TASK DETAILS: Nothing outside the range is to be copied. From the entries below, reproduce exactly the lines starting at the one with "Mit diesem Wohnzimmertisch" and ending at the one with "10,90 € Zartes", without pictures.

EXTRACTED DATA:
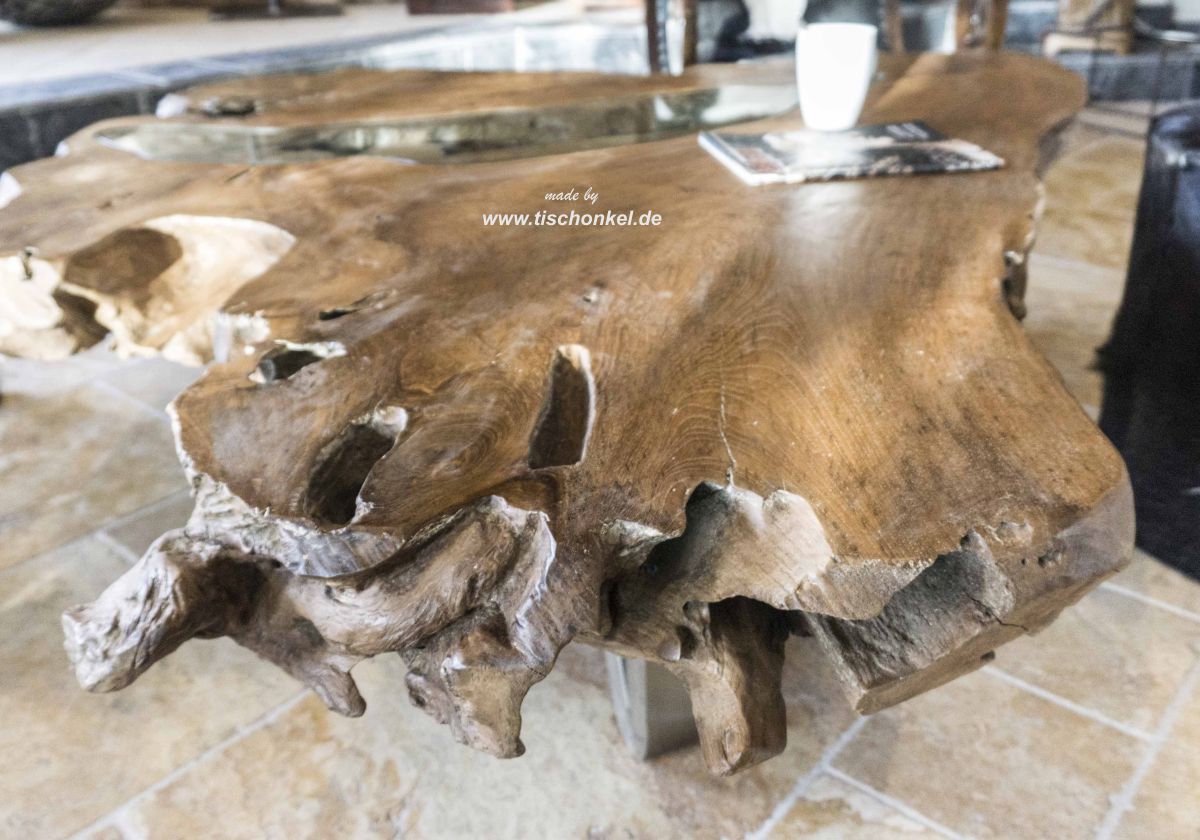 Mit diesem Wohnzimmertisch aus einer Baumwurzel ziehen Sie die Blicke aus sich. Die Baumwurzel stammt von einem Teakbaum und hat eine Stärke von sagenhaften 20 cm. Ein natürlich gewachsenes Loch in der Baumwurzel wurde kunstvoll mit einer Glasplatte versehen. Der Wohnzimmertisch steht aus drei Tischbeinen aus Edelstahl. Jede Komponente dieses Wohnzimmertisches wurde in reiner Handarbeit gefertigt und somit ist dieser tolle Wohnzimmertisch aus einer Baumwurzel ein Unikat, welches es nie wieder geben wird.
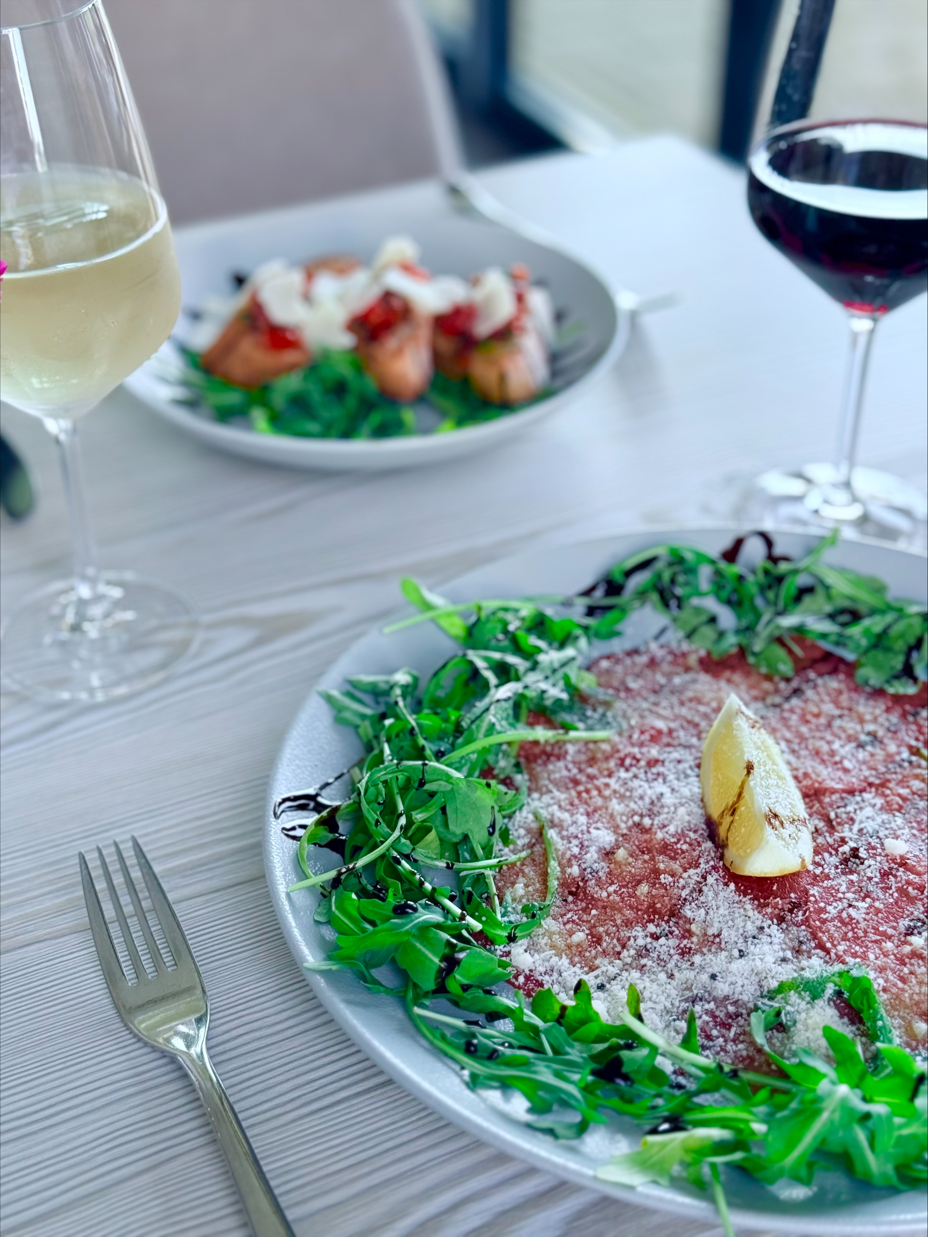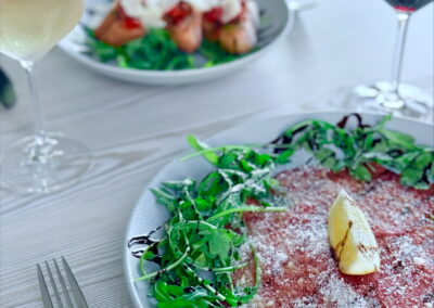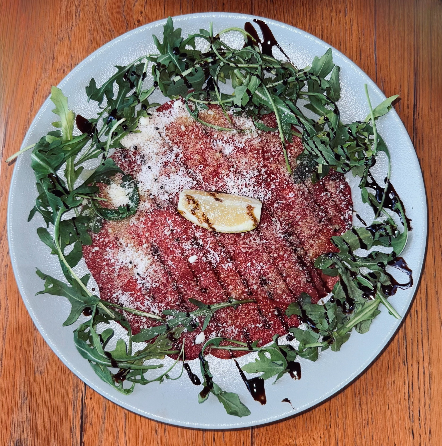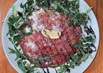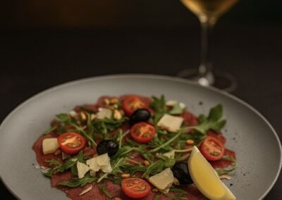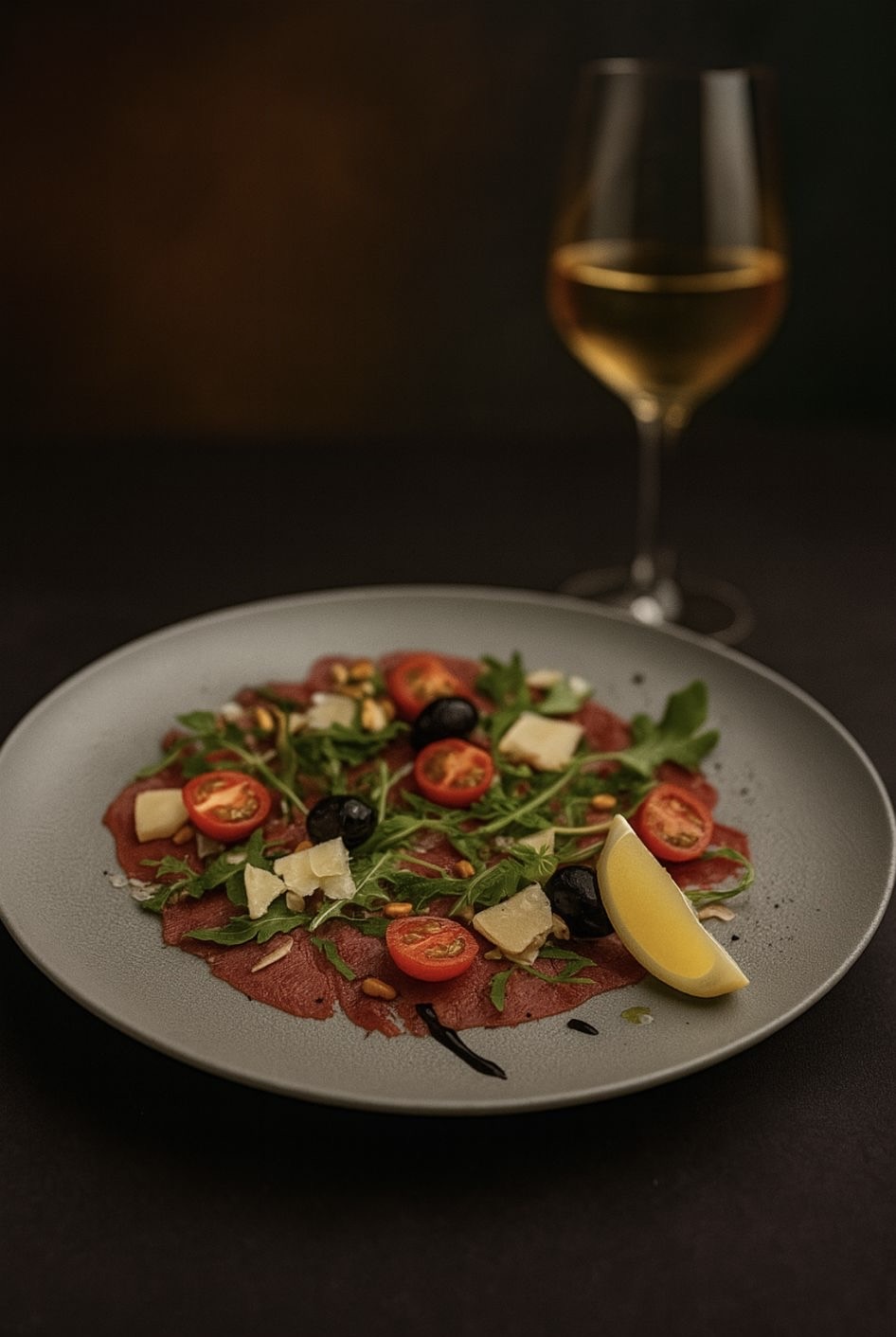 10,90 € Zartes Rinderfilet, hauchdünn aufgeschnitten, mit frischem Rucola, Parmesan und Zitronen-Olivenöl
...
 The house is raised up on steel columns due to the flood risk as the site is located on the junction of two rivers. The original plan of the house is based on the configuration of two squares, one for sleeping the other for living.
==
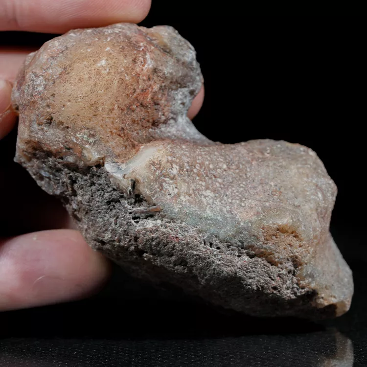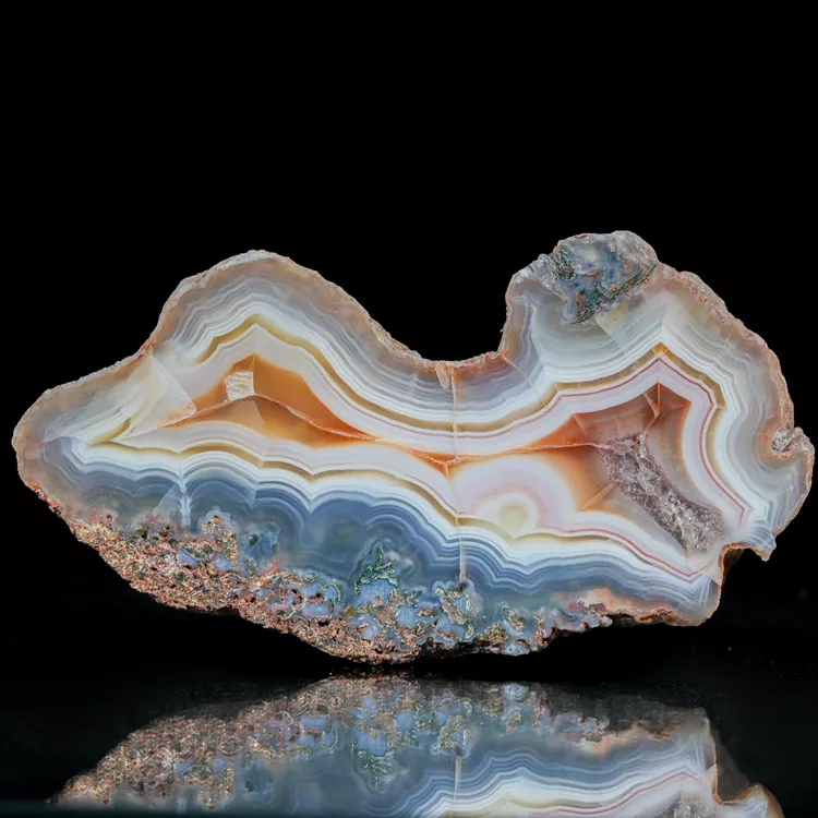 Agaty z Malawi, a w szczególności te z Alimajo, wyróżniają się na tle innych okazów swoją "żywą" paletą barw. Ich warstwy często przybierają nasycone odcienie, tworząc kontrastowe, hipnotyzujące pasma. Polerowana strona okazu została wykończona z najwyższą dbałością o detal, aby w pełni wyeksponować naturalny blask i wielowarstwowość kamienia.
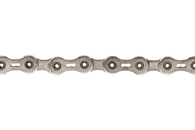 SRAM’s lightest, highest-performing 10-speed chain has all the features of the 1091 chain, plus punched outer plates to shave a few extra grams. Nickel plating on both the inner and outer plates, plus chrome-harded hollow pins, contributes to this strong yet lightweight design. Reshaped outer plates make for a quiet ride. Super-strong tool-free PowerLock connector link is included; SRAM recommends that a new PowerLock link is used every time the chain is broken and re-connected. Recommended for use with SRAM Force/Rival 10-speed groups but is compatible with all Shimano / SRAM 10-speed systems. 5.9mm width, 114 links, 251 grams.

RESULT FOR THIS EXERCISE:
 Mit diesem Wohnzimmertisch aus einer Baumwurzel ziehen Sie die Blicke aus sich. Die Baumwurzel stammt von einem Teakbaum und hat eine Stärke von sagenhaften 20 cm. Ein natürlich gewachsenes Loch in der Baumwurzel wurde kunstvoll mit einer Glasplatte versehen. Der Wohnzimmertisch steht aus drei Tischbeinen aus Edelstahl. Jede Komponente dieses Wohnzimmertisches wurde in reiner Handarbeit gefertigt und somit ist dieser tolle Wohnzimmertisch aus einer Baumwurzel ein Unikat, welches es nie wieder geben wird.
 10,90 € Zartes Rinderfilet, hauchdünn aufgeschnitten, mit frischem Rucola, Parmesan und Zitronen-Olivenöl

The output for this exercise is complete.